▶ ASSIGNMENT
Below are entries; copy exactly the lines from the one with "Начавший ремонтировать Муромцевскую" through the one with "Four Pillars of", both included, and leave out the rest.

▶ TASK INPUT

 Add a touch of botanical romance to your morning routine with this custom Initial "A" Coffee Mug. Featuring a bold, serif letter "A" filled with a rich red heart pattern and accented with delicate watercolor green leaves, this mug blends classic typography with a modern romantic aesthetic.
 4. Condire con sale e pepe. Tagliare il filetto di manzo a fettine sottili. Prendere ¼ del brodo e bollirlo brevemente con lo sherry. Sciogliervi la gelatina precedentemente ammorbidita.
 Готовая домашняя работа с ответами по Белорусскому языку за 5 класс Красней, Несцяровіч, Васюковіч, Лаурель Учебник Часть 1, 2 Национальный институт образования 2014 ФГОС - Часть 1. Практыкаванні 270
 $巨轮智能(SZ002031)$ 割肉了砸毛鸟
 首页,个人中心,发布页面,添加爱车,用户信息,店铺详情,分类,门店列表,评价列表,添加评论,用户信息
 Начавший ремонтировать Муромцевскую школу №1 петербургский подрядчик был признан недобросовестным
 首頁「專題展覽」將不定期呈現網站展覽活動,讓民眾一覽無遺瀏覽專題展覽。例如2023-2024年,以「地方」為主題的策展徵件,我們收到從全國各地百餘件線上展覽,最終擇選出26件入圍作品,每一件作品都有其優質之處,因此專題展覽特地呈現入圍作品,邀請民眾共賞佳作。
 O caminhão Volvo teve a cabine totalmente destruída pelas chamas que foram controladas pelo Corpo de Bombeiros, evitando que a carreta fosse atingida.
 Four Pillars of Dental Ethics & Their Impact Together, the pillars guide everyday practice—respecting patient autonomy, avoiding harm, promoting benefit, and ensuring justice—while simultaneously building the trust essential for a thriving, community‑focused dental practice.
---
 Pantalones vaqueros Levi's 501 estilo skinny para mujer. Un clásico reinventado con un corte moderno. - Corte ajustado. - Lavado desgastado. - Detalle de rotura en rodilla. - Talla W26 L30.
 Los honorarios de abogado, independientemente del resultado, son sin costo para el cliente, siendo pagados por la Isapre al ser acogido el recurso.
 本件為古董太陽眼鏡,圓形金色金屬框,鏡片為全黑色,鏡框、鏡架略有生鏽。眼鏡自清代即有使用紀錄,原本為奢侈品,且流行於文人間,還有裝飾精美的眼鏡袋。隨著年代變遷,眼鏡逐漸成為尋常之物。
--
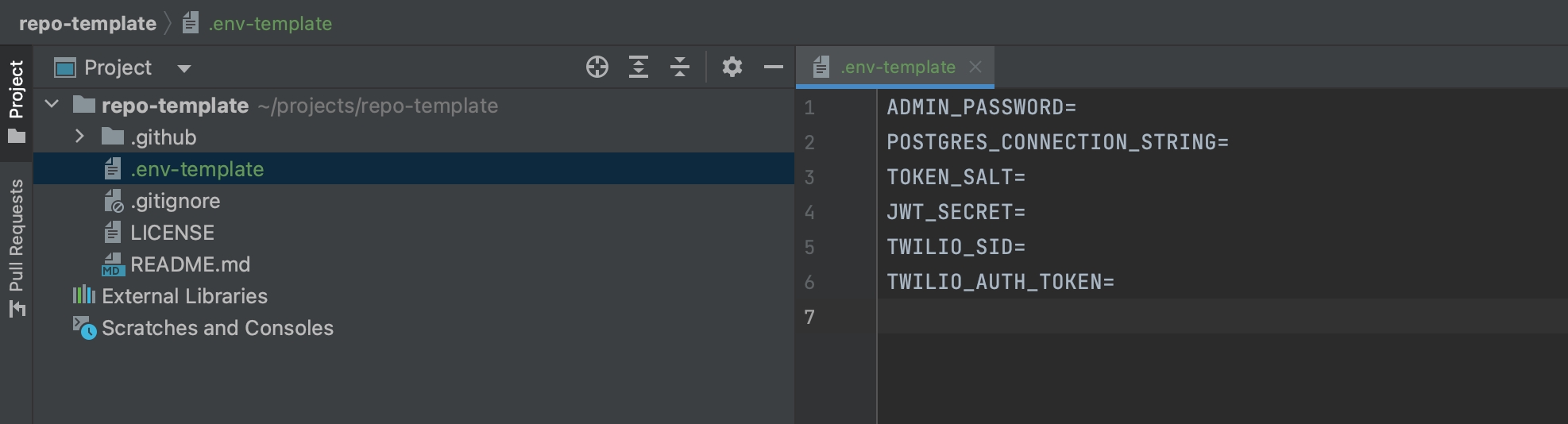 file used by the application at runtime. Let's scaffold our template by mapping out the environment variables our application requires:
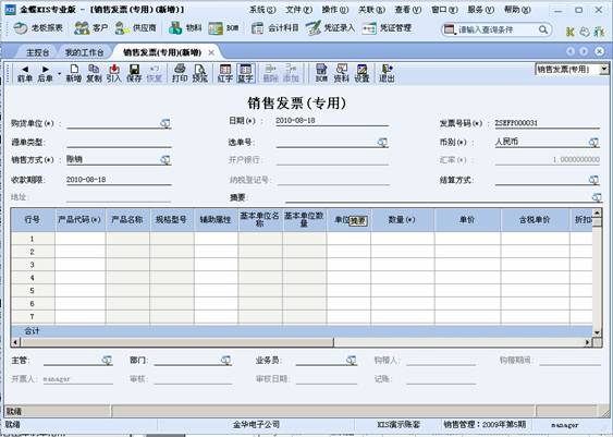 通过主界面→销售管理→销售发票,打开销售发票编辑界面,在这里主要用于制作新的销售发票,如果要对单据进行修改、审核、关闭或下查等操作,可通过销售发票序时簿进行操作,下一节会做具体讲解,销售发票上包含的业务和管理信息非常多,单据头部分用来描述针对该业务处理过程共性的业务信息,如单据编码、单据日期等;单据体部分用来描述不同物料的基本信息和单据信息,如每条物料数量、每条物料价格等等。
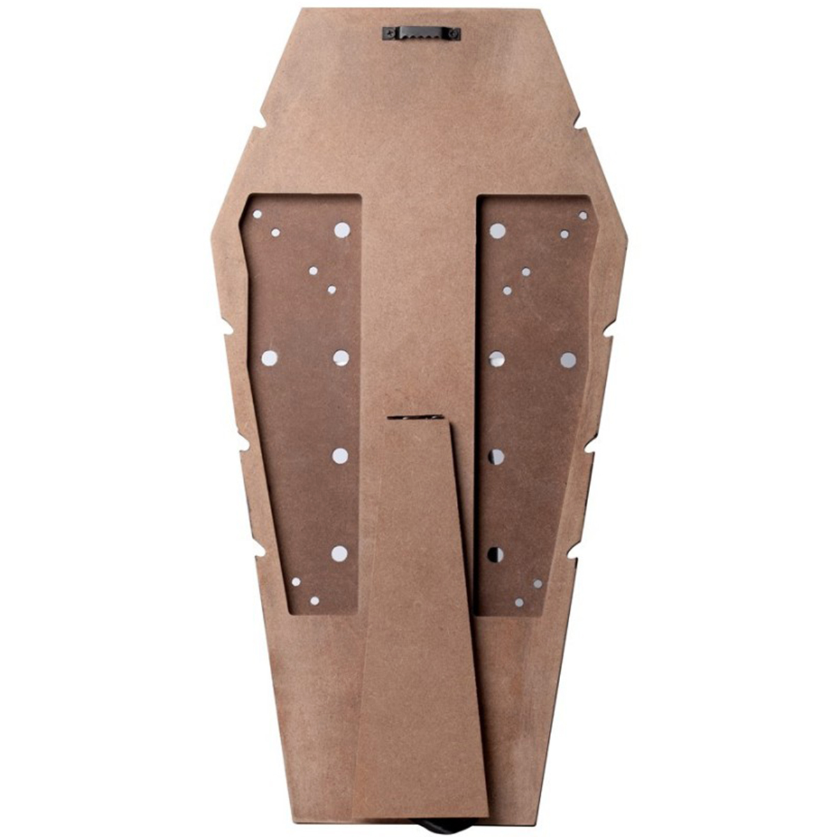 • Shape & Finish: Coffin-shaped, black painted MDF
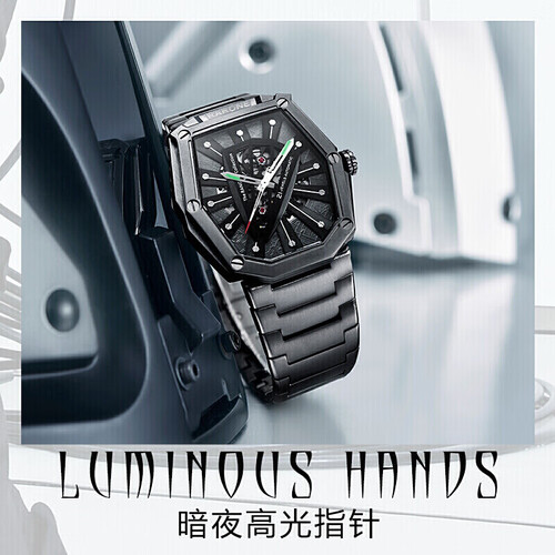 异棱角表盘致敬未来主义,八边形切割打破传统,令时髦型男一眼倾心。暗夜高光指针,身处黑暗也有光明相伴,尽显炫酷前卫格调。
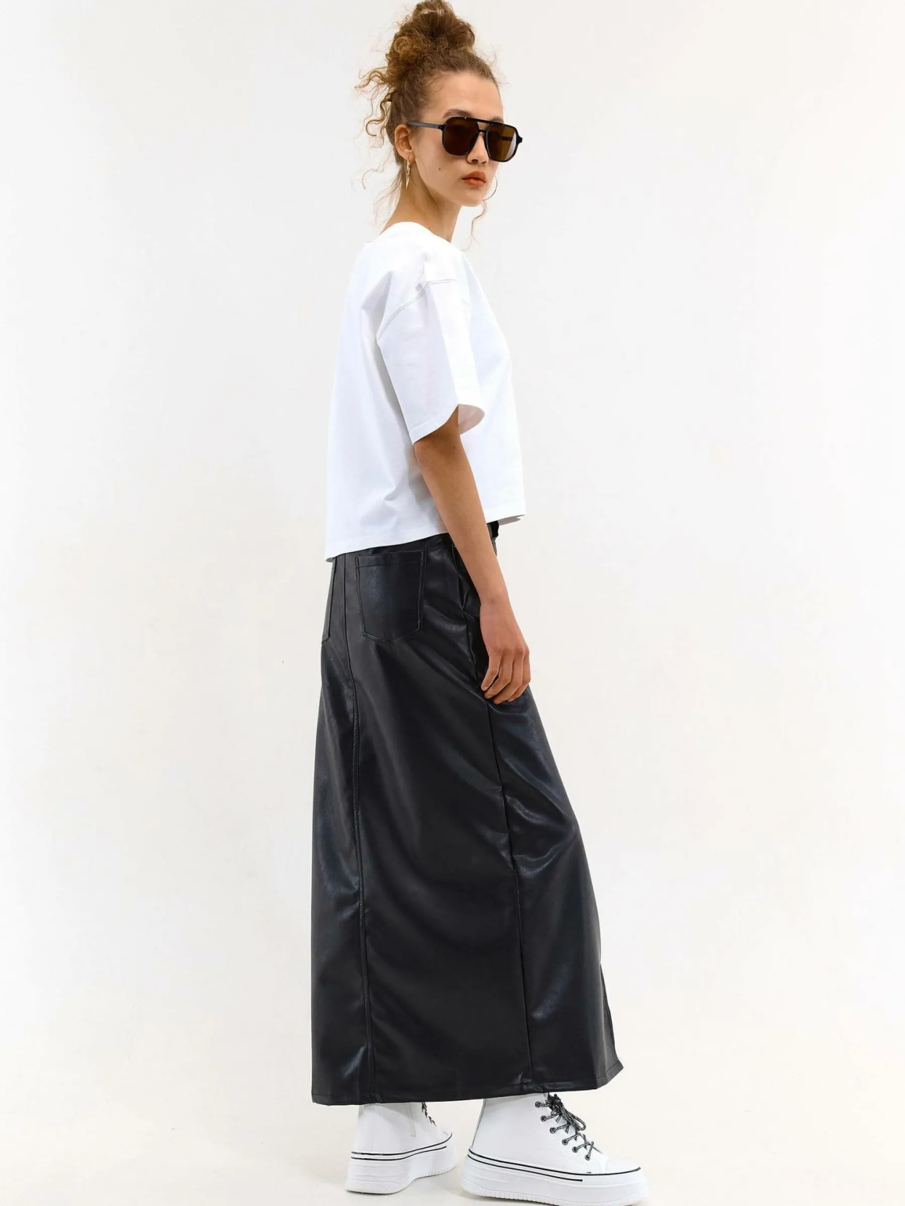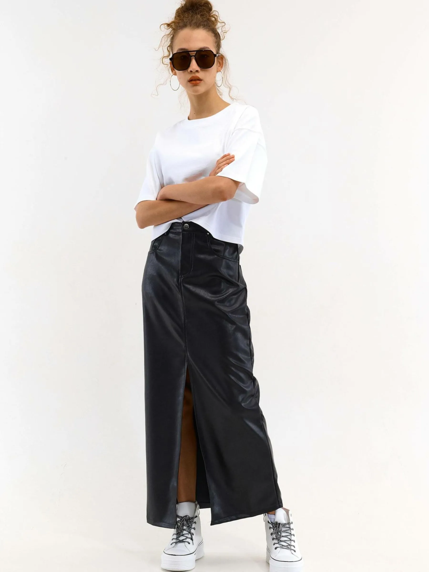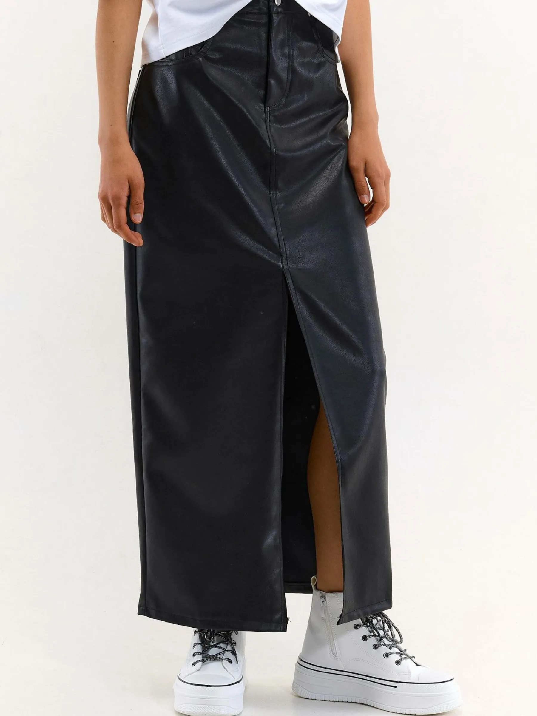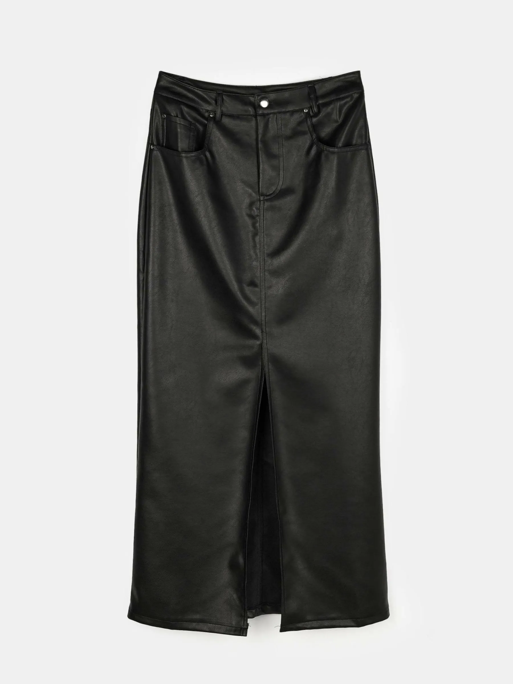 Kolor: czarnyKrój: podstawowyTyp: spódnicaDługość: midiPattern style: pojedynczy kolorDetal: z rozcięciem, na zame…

▶ RESPONSE AREA
 Начавший ремонтировать Муромцевскую школу №1 петербургский подрядчик был признан недобросовестным
 首頁「專題展覽」將不定期呈現網站展覽活動,讓民眾一覽無遺瀏覽專題展覽。例如2023-2024年,以「地方」為主題的策展徵件,我們收到從全國各地百餘件線上展覽,最終擇選出26件入圍作品,每一件作品都有其優質之處,因此專題展覽特地呈現入圍作品,邀請民眾共賞佳作。
 O caminhão Volvo teve a cabine totalmente destruída pelas chamas que foram controladas pelo Corpo de Bombeiros, evitando que a carreta fosse atingida.
 Four Pillars of Dental Ethics & Their Impact Together, the pillars guide everyday practice—respecting patient autonomy, avoiding harm, promoting benefit, and ensuring justice—while simultaneously building the trust essential for a thriving, community‑focused dental practice.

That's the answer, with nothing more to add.